Adjusted EBITDA of $4.6 billion, down 29% compared to H1 2014 owing to substantially weaker commodity prices:

- Marketing Adjusted EBITDA down 27% to $1.2 billion and Adjusted EBIT down 29% to $1.1 billion, with tough metals' trading conditions, particularly aluminium and nickel affected by the collapse in physical premiums and subdued levels of global stainless steel production. We expect better second half contributions from metals and agriculture to underpin full year Marketing EBIT guidance of $2.5-$2.6 billion.

- Industrial Adjusted EBITDA down 29% to $3.4 billion, due to the substantially weaker net commodity price / exchange rate environment.

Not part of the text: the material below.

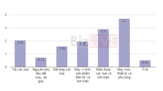 Trong đó, Việt Nam hiện đang nhập khẩu hàng hóa nhiều nhất từ Trung Quốc. Đáng lưu ý, khi lượng hàng hóa Việt Nam xuất khẩu sang nước này đạt 6,2 tỷ USD thì ở chiều ngược lại, con số nhập khẩu lên tới 19,84 tỷ USD.
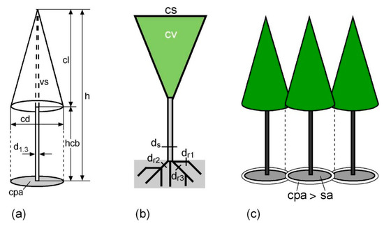 Dendrometrical tree characteristics. (a) Tree height, h, crown length, cl, height to crown base, hcb, crown diameter, cd, tree diameter at breast height, d1.3, and stem volume vs. variable cpa represents the crown projection area. (b) Crown volume, cv, crown surface area, cs, diameter of the stem, ds = d1.3, and diameter of the three tallest roots, dr1 … dr3. (c) Tree stand area equivalent to growing area, sa, and crown projection area, cpa. Particularly in densely packed stands, cpa is often larger than sa.

Despite the weaker price environment, Metals and minerals' Adjusted EBITDA mining margin was still a healthy 24% compared to 30% in 2014 and Energy Adjusted EBITDA margin was 28% compared to 29%, reflecting the quality of our asset portfolio.

• H1 2015 production included:

- Period-on-period growth from African copper, albeit overall copper production was down 3% to 730,900 tonnes reflecting anticipated grade changes at Alumbrera and Antamina and planned maintenance activities at Collahuasi.

- Zinc production up 12% to 730,300 tonnes, mainly due to the ramp-up of the expansion projects in Australia.

- Coal production down 4% to 68.7 million tonnes, primarily due to the market driven decision to cut production.

• The sharp decline in oil prices in late 2014, which continued into 2015, led to significant amendments to the work programme at our assets in Chad, including changes to capex and production profiles and the number of drilling rigs in operation. As a result, the carrying value of these fields/blocks has been impaired by $792 million.

• Unfortunately, Optimum Coal has commenced business rescue proceedings given the continued and unsustainable financial hardship as a result of its agreement with Eskom. The directors of Optimum are of the view that if the supply agreement with Eskom can be renegotiated, there is a reasonable prospect of rescuing Optimum.

• FFO was $3.5 billion, down 29% compared to H1 2014 as a result of the weaker price environment noted above.

• Net debt decreased by $982 million to $29.6 billion, reflecting a 21% reduction in net capital expenditure (excluding Las Bambas) and a release of non-RMI working capital of $3.2 billion, due naturally to lower commodity prices and some additional proactive working capital management to ensure a more efficient balance sheet.

• Strong and flexible balance sheet, with $10.5 billion of committed available liquidity at period end.

• Capital management:

- During the period, $240 million of own shares were acquired under the previously announced $1.0 billion share buyback programme, completing this initiative.

- In June, the distribution of the investment in Lonmin plc was completed.

- The Board has declared an interim distribution of $6 cents per share, consistent with the 2014 interim distribution, reflecting our confidence in the prospects and strength of our underlying operations, commodities mix and sustainable cashflow profile.

• Ongoing portfolio management reflects:

- August completion of the sales of Glencore's interest in the Tampakan copper project, the Falcondo nickel operations and the Sipilou nickel project, for total proceeds of approximately $290 million.

• Full year production guidance is provided in the Appendix on page 82.

• The target industrial capex ceiling for full year 2015 is now $6 billion, compared to the range of $6.5-6.8 billion previously communicated. We currently anticipate that industrial capex for 2016 will be no more than $5.0 billion.

Glencore's Chief Executive Officer, Ivan Glasenberg, commented:

"Against a challenging backdrop for many of our commodities, we have taken a range of pre-emptive actions in respect of our balance sheet, operations and capital spending/recycling in order to preserve our current credit rating and sustain our track record on equity distributions. 

Our core industrial assets remain well positioned on their respective cost curves. We remain by far the most diversified commodity producer and marketer and are well positioned to benefit from any improvement in pricing when it finally and inevitably materialises. Our principal objective remains to grow our free cash flow per share and return any excess capital in the most sustainable and efficient manner."